Theater in São Paulo, Brazil

The Teatro Brasileiro de Comédia (English: Brazilian Comedy Theater - TBC) is located in the Bela Vista neighborhood, in the central zone of the Brazilian city of São Paulo. It was founded in 1948 by businessman Franco Zampari, with the financial support of part of São Paulo's elite.

Between 1948 and 1964, the TBC housed a homonymous theater company, which was created to provide a space for amateur theater in the city of São Paulo. After the company's activities ceased, the venue offered theatrical performances until 2008, when it closed permanently. Among the artists who have performed at the theater are Cacilda Becker, Paulo Autran, Cleyde Yáconis and Fernanda Montenegro.

It was declared a landmark in 1982 by the Council for the Defense of Historical, Archaeological, Artistic and Tourist Heritage (Portuguese: Conselho de Defesa do Patrimônio Histórico, Arqueológico, Artístico e Turístico - Condephaat) and in 1991 by the Municipal Council for the Preservation of the Historical, Cultural and Environmental Heritage of the City of São Paulo (Conselho Municipal de Preservação do Patrimônio Histórico, Cultural e Ambiental da Cidade de São Paulo - Conpresp).
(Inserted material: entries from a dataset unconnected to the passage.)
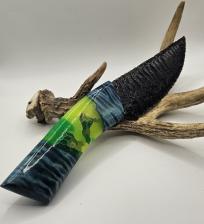 Silversheen Obsidian blade with Fordite cast in resin handle |
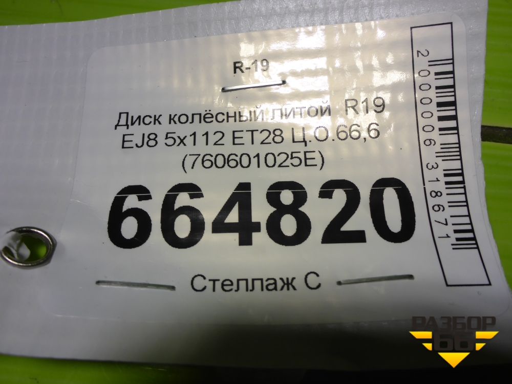 Диск колёсный литой R19 EJ8 5x112 ET28 Ц.О.66,6 (760601025E) в Тюмени
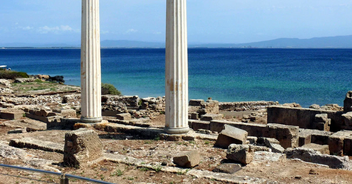 Two standing Roman columns on Tharros, Sardinia, originally a Phoenician colony.
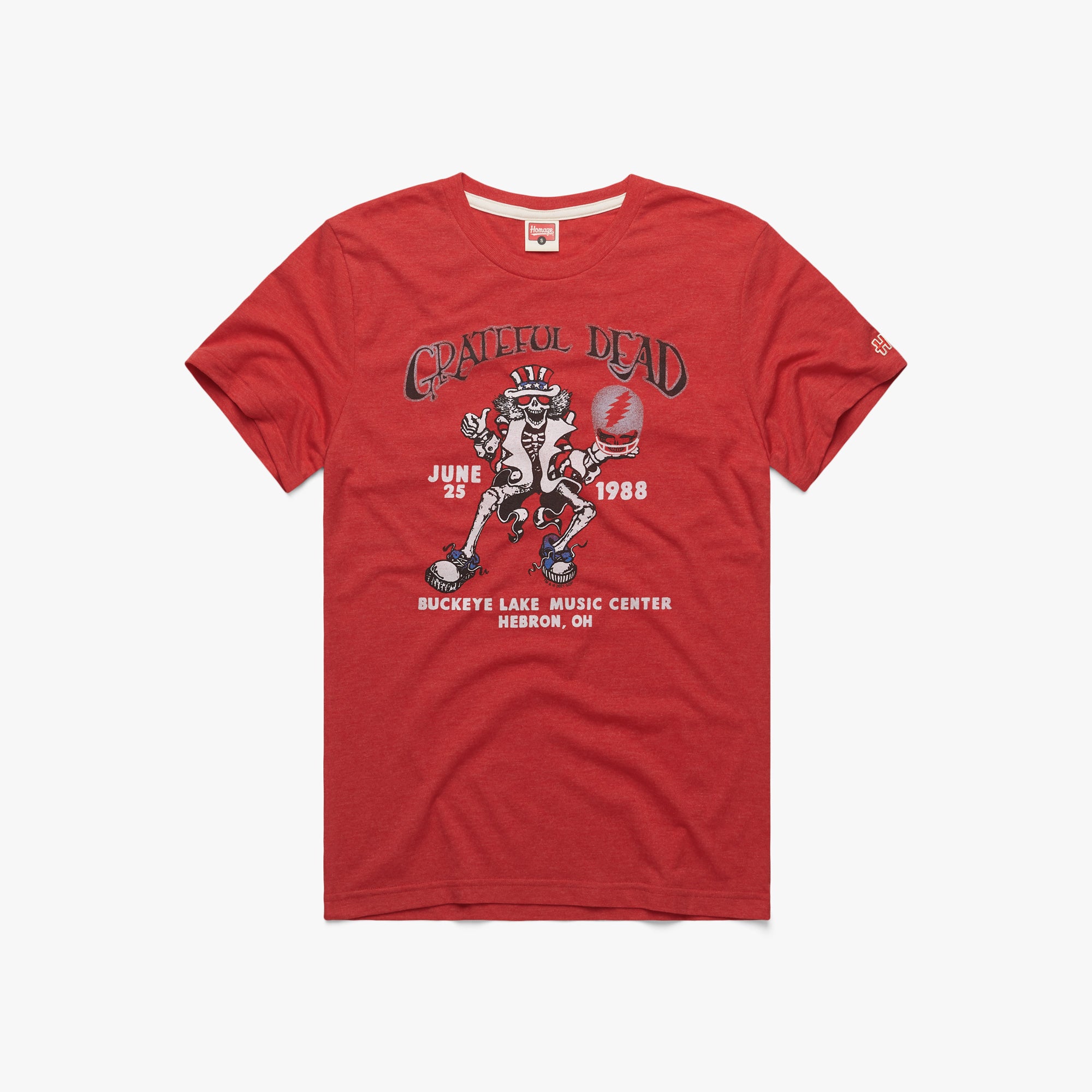 Climb aboard the bus and treat yourself to a long, strange trip: our tee that pays tribute to the Grateful Dead’s show at Hebron, Ohio’s Buckeye Lake Music Center on June 25th, 1988. Jerry Garcia and company’s famously long, virtuosic live shows produced a tribe of devoted followers we now call the Deadheads, and we have a feeling you may just be one of them. Pay homage.

In 2018, it was acquired by the Social Service of Commerce (Serviço Social do Comércio - SESC) to serve as a unit for the organization.

== History ==

=== Foundation ===
The Teatro Brasileiro de Comédia (TBC) was founded in 1948 by Franco Zampari, an Italian engineer from Indústrias Matarazzo, with financial support from the São Paulo bourgeoisie. In 1945, Zampari, who had two positions at the Municipal Theater of São Paulo, began to engage in theatrical activity after writing, producing and presenting the play A Mulher de Braços Alçados in the backyard of his home.
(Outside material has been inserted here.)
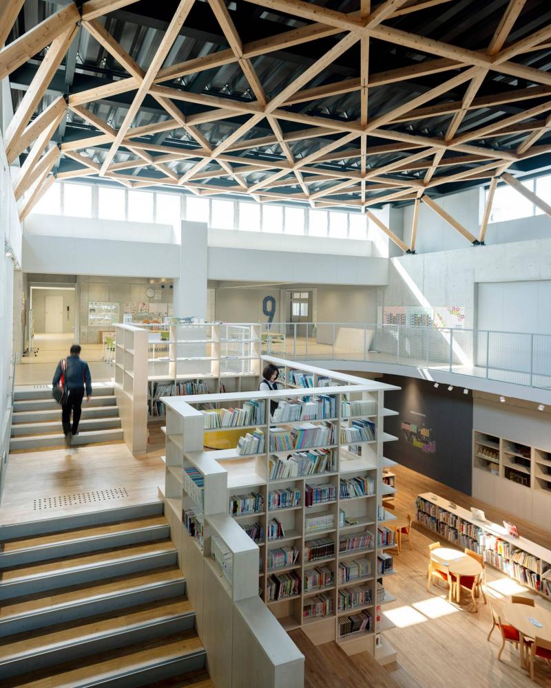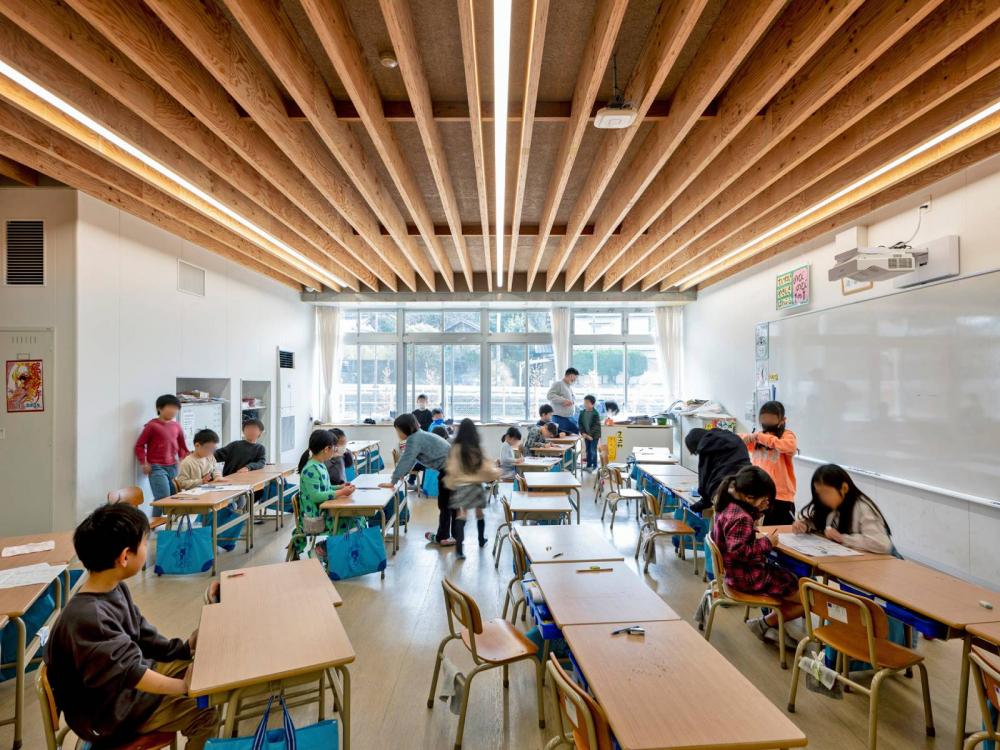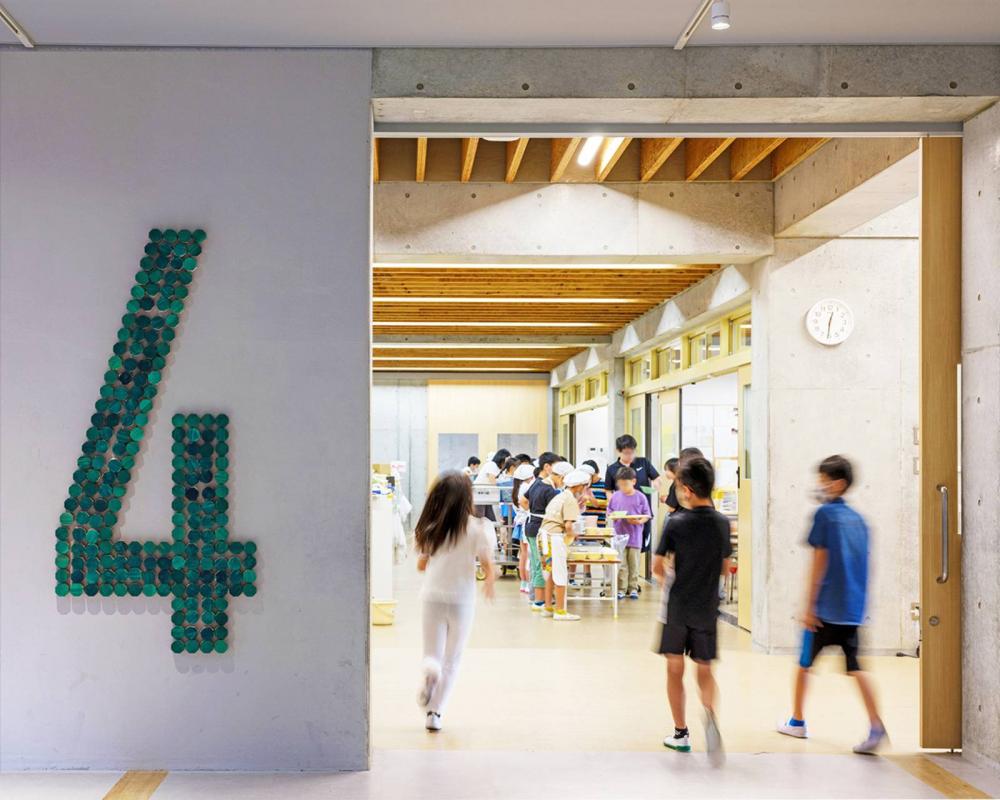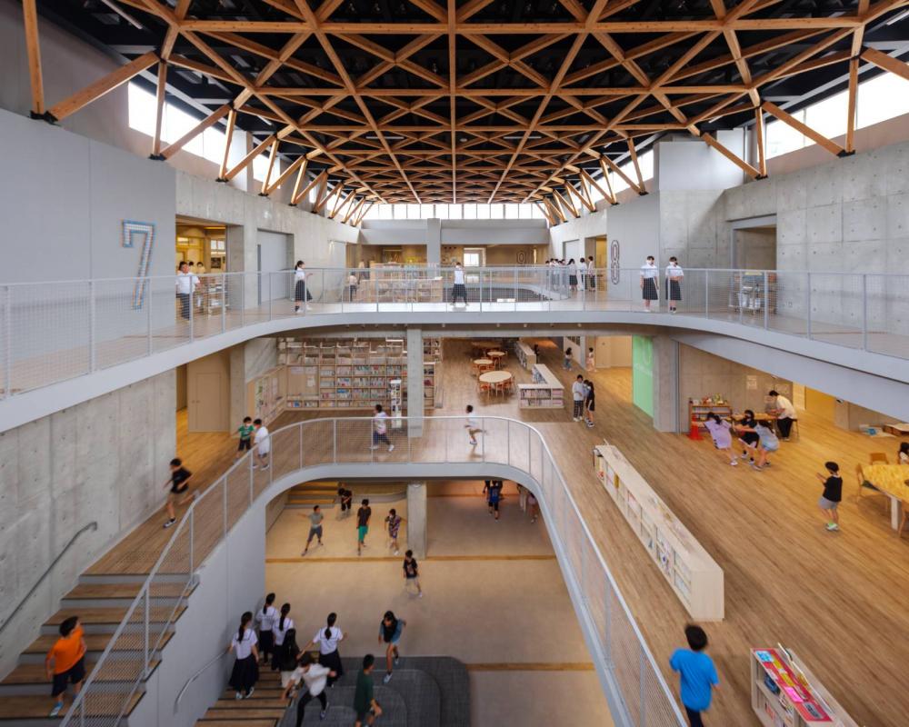 地上三階建ての学校建築である。主体構造は鉄筋コンクリート造(一部鉄骨造)であるが、空間を彩る木質化を実現する手法の一つとして、仕上も兼ねたLVLによるプレキャスト化粧型枠を採用している。これにより支保工間隔を拡げて現場の作業スペースを確保し、また、コンクリート養生後に支保工を外すと天井仕上げが完了状態となるため、工期短縮を可能にしている。また、LVLはスラブ打設後も単なる仕上げ材ではなく、スラブの変形抑制にも利用している。

A few years later, he and his colleagues rented an old building on Major Diogo Street and remodeled it to accommodate a theater. After the renovation, the venue acquired 365 seats, a warehouse for stage props, storage for used sets and stage furniture, carpentry and joinery, an administration room, a reading room, two rehearsal rooms and 18 dressing rooms. The theater opened on October 11, 1948, with two performances: The Human Voice, by Jean Cocteau, and A mulher do próximo, by Abílio Pereira de Almeida. It also featured Cacilda Becker, the first actress to become a professional in Brazilian theater.

=== The company ===
In 1949, Franco Zampari decided that the company, which had begun as an amateur troupe, needed to be professionalized to generate funds and maintain its operations. He hired a group of foreign directors, including the Italian Adolfo Celi, who became the TBC's first artistic director. He directed the group's first professional production, The Time of Your Life, written by American playwright William Saroyan. The Teatro Brasileiro de Comédia gained members who would become important actors in Brazilian theater, such as Sérgio Cardoso, Paulo Autran, Tônia Carrero, Cleyde Yáconis, Cacilda Becker, Walmor Chagas, Nydia Licia, Fernanda Montenegro and Fernando Torres.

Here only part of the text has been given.